____ DATA

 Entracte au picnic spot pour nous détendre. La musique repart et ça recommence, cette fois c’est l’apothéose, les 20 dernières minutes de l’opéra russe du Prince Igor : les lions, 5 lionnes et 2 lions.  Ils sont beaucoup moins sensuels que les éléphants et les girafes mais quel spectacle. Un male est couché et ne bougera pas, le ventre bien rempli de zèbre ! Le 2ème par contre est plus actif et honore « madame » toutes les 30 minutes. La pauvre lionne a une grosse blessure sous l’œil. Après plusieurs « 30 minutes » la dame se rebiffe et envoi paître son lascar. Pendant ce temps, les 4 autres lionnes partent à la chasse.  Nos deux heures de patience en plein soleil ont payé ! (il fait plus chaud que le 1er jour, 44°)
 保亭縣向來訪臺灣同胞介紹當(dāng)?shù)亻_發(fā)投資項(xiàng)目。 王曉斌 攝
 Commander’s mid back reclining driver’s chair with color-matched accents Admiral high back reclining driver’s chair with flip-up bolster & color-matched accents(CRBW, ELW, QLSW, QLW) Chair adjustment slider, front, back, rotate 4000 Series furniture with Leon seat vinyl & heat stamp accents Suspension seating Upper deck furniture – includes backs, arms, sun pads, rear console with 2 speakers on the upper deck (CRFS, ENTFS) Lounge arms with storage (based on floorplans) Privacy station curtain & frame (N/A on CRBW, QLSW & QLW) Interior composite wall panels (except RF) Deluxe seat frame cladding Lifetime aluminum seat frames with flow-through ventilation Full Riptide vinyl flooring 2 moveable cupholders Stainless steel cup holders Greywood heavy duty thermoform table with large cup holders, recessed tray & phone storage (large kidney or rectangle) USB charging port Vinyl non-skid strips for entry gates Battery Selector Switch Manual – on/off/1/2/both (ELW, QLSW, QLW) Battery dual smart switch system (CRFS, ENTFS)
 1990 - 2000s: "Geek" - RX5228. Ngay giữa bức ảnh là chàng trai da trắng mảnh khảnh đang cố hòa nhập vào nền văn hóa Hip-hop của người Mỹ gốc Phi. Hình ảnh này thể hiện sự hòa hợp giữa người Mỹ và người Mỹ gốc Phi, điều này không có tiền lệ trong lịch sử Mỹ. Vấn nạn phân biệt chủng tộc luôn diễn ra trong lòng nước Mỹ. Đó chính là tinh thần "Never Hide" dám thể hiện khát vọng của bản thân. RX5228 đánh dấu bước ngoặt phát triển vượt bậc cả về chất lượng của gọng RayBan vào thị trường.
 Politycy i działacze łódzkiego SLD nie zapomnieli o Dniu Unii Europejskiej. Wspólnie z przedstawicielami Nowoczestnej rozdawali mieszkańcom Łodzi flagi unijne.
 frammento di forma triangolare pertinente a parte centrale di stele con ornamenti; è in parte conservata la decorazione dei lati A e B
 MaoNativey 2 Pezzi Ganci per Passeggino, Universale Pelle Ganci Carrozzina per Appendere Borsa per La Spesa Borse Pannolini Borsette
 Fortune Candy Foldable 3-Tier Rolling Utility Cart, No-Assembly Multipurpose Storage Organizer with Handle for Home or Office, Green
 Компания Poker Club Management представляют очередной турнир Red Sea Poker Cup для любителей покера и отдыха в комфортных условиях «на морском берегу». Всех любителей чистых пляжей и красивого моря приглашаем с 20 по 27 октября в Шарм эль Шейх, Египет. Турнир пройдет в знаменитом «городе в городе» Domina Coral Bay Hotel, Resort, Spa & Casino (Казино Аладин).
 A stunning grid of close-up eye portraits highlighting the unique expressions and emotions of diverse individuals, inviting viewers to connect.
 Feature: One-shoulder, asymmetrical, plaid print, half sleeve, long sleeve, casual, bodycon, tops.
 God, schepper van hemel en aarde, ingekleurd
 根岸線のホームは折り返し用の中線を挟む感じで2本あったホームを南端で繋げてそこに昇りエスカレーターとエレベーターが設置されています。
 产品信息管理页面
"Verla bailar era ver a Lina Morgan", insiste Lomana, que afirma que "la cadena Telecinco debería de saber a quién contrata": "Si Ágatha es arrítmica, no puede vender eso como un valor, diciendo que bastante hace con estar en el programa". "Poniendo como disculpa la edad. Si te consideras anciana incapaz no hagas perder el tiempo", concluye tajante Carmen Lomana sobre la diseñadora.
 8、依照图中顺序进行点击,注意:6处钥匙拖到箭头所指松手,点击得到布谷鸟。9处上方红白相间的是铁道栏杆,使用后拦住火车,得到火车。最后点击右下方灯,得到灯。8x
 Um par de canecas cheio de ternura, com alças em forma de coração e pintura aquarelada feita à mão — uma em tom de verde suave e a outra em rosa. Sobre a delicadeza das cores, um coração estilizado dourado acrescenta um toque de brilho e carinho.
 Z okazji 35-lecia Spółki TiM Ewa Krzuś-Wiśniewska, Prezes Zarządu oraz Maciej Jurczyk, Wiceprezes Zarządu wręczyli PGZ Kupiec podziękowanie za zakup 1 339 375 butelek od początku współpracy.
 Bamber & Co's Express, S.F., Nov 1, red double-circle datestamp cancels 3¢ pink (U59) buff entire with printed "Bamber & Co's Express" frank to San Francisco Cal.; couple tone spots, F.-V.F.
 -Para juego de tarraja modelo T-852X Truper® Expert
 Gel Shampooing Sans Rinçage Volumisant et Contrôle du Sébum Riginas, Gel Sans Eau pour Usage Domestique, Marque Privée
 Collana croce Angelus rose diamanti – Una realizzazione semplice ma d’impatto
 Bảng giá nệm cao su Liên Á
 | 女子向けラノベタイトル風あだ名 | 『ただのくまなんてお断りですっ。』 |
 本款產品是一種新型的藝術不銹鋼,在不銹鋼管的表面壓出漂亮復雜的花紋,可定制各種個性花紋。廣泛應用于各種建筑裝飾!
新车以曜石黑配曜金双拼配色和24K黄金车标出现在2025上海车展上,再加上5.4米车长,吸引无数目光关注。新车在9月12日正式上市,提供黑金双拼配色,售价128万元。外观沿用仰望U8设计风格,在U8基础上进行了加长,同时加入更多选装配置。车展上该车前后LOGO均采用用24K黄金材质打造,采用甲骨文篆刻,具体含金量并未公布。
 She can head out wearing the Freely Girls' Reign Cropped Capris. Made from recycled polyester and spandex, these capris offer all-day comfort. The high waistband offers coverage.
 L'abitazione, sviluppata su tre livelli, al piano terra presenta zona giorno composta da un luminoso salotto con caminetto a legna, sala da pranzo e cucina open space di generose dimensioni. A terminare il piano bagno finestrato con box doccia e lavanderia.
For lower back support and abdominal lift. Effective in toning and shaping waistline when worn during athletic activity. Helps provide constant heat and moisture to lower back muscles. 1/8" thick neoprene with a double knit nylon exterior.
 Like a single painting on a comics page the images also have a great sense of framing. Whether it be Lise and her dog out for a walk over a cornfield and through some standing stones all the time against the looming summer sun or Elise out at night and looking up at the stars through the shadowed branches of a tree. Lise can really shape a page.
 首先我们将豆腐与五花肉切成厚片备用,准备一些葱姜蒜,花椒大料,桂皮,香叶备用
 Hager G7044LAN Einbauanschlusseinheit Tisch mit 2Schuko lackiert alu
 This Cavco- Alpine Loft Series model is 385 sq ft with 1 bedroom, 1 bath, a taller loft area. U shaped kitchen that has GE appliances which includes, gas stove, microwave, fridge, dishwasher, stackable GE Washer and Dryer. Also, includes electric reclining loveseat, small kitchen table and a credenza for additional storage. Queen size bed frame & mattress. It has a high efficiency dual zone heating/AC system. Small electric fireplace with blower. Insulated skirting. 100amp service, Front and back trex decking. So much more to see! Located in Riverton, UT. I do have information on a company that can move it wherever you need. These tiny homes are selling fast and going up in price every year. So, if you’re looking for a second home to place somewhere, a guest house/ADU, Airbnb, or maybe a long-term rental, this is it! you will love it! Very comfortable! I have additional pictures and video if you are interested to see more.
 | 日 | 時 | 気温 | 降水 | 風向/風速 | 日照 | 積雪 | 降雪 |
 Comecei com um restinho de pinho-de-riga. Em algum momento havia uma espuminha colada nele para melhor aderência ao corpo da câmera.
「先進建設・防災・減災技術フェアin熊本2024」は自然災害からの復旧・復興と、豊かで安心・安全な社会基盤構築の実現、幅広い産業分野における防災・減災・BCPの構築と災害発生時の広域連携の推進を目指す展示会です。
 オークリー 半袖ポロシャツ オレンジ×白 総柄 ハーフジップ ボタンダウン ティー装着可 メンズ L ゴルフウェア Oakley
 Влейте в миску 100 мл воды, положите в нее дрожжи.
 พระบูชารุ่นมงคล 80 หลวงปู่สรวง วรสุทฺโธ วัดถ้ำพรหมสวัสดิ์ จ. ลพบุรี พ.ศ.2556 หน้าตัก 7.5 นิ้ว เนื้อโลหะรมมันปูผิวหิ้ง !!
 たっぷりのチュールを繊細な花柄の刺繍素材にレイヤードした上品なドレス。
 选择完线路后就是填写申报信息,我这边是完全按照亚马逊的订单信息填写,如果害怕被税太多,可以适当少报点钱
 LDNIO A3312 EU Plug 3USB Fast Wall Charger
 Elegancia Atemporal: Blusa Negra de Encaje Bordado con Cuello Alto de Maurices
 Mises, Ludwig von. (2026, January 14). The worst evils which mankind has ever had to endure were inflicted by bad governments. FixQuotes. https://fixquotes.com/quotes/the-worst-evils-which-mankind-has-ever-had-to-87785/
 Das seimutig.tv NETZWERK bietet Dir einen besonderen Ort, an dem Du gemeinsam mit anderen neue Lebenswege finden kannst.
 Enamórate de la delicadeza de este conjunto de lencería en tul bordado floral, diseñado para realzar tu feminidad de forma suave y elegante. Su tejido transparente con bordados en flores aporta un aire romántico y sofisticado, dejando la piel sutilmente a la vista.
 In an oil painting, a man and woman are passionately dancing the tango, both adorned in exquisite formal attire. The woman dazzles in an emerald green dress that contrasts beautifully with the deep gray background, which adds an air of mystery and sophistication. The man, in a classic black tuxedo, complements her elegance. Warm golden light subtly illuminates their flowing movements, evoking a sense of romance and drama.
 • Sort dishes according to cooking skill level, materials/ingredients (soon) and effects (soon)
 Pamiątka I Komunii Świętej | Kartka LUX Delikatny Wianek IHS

________

**THE TASK**
Scan the listing above for the line that has "-Para juego de", then copy exactly from that line through the line that has "Bảng giá nệm cao su Liên Á".

**SOLUTION TO THE PROBLEM**
 -Para juego de tarraja modelo T-852X Truper® Expert
 Gel Shampooing Sans Rinçage Volumisant et Contrôle du Sébum Riginas, Gel Sans Eau pour Usage Domestique, Marque Privée
 Collana croce Angelus rose diamanti – Una realizzazione semplice ma d’impatto
 Bảng giá nệm cao su Liên Á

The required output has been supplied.